**Task to carry out:**
Among the lines below, restate word for word only those from the line with "2024年9月30日至今,公" through the line with "This trendy hand", with both end lines kept.

**Provided records:**
[Start of section]
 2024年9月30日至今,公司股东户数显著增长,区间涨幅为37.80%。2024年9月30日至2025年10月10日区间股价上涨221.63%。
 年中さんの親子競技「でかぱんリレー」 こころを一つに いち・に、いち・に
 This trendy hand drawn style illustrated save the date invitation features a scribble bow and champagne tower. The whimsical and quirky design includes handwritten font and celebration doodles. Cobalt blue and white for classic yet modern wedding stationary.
[End of section]
[Start of section]
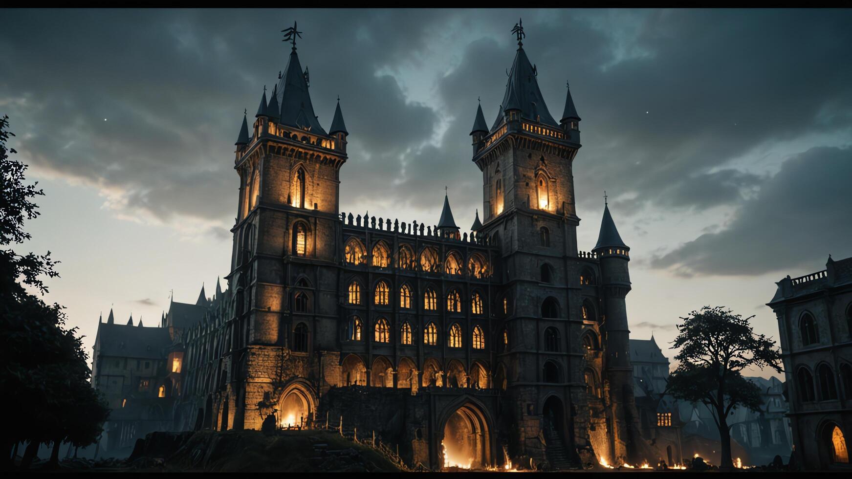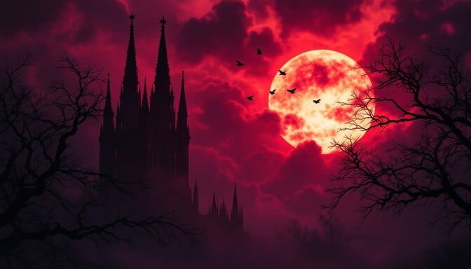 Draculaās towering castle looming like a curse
[End of section]
**Task output:**
 2024年9月30日至今,公司股东户数显著增长,区间涨幅为37.80%。2024年9月30日至2025年10月10日区间股价上涨221.63%。
 年中さんの親子競技「でかぱんリレー」 こころを一つに いち・に、いち・に
 This trendy hand drawn style illustrated save the date invitation features a scribble bow and champagne tower. The whimsical and quirky design includes handwritten font and celebration doodles. Cobalt blue and white for classic yet modern wedding stationary.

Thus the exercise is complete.